Copy the lines below word for word, skipping any image.
Available data START
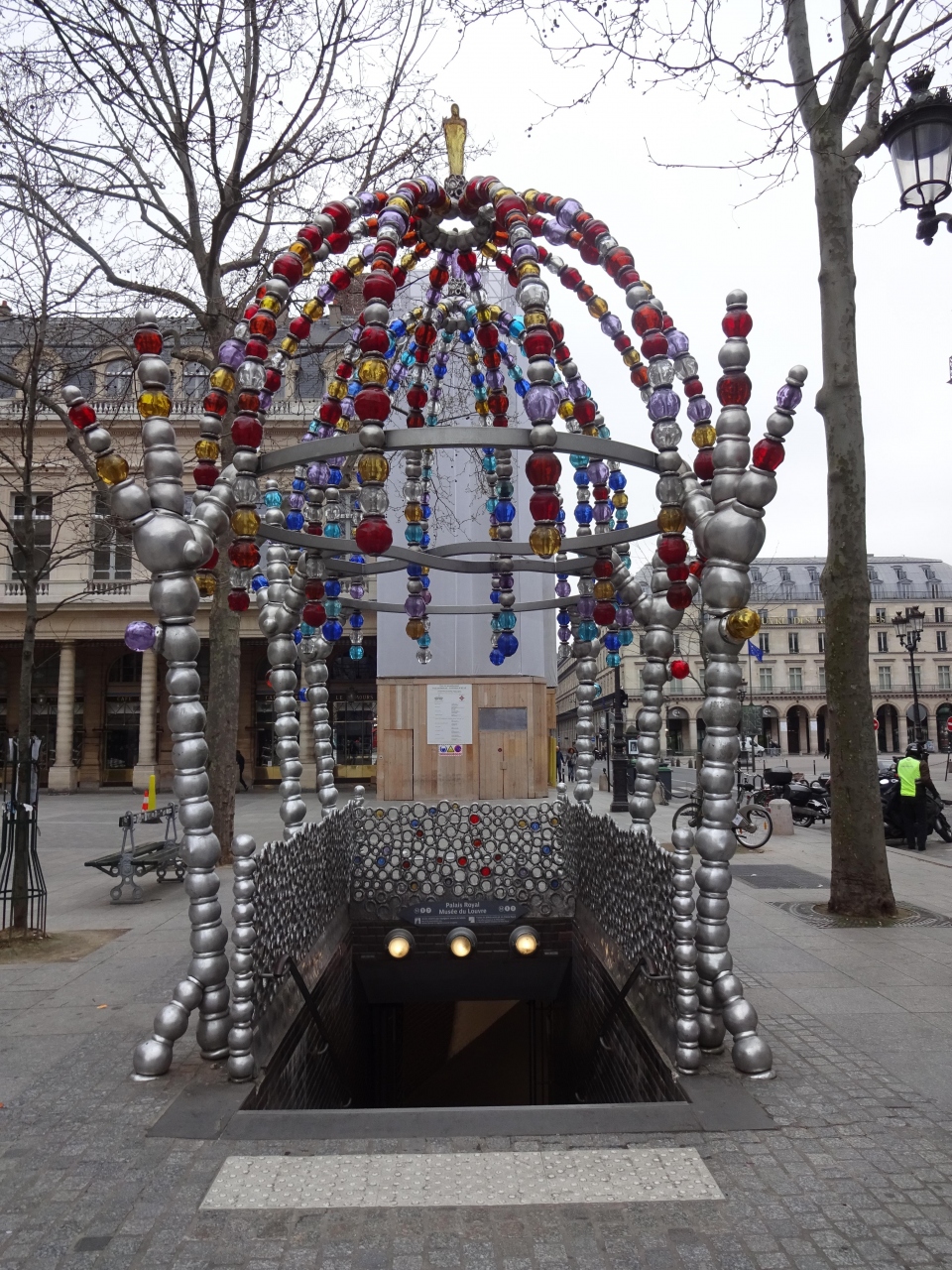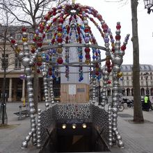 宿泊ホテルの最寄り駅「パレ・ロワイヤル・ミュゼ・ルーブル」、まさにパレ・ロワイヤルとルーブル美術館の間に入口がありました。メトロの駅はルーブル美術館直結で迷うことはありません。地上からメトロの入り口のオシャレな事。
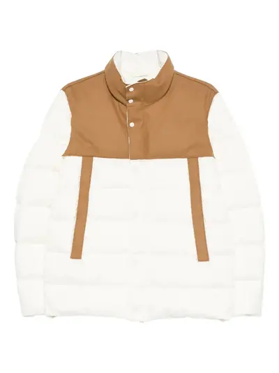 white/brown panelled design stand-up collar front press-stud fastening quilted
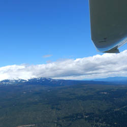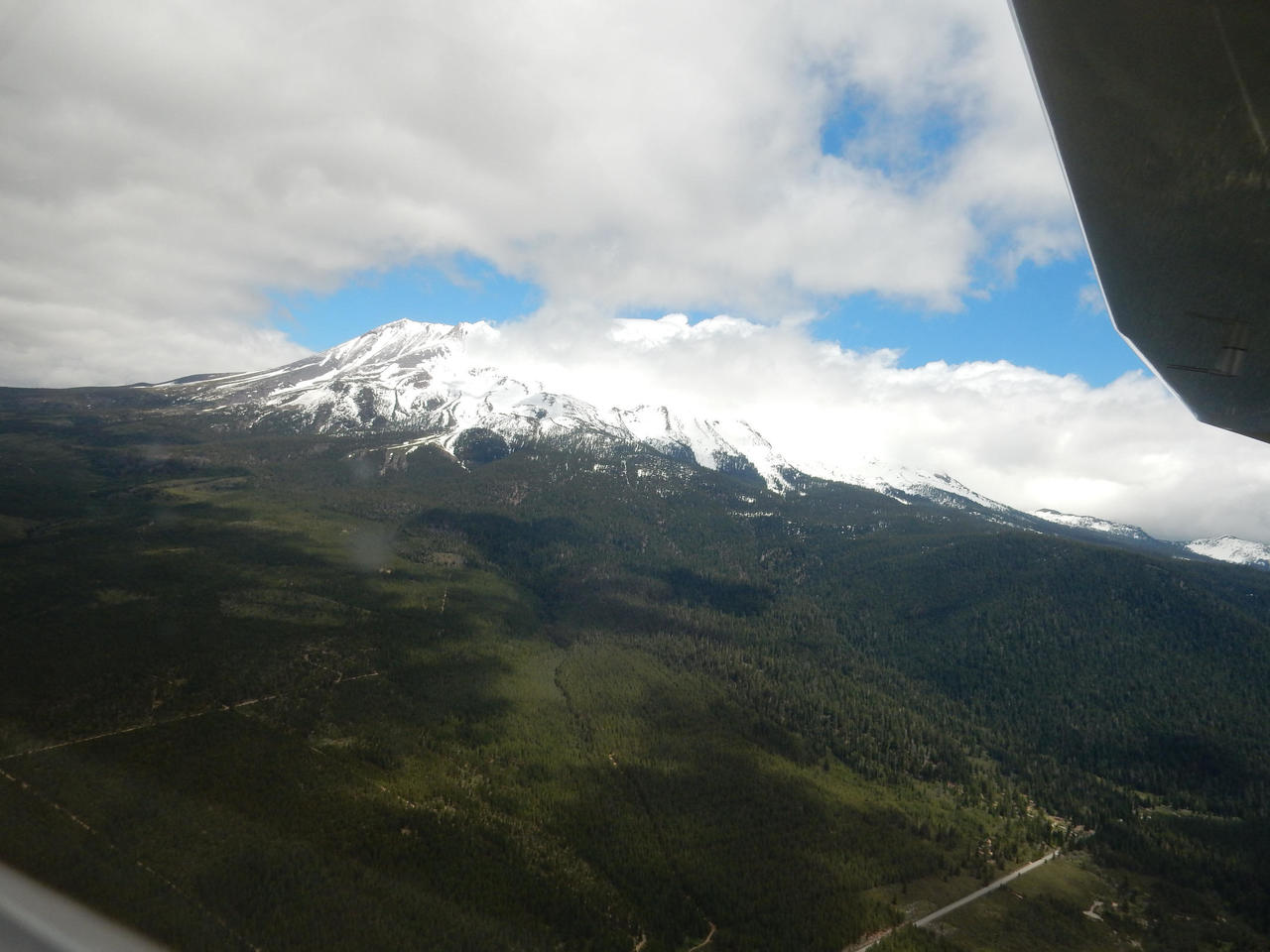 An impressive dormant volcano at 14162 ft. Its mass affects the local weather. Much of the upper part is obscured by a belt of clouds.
Available data END
• Answer to the problem
 宿泊ホテルの最寄り駅「パレ・ロワイヤル・ミュゼ・ルーブル」、まさにパレ・ロワイヤルとルーブル美術館の間に入口がありました。メトロの駅はルーブル美術館直結で迷うことはありません。地上からメトロの入り口のオシャレな事。
 white/brown panelled design stand-up collar front press-stud fastening quilted
 An impressive dormant volcano at 14162 ft. Its mass affects the local weather. Much of the upper part is obscured by a belt of clouds.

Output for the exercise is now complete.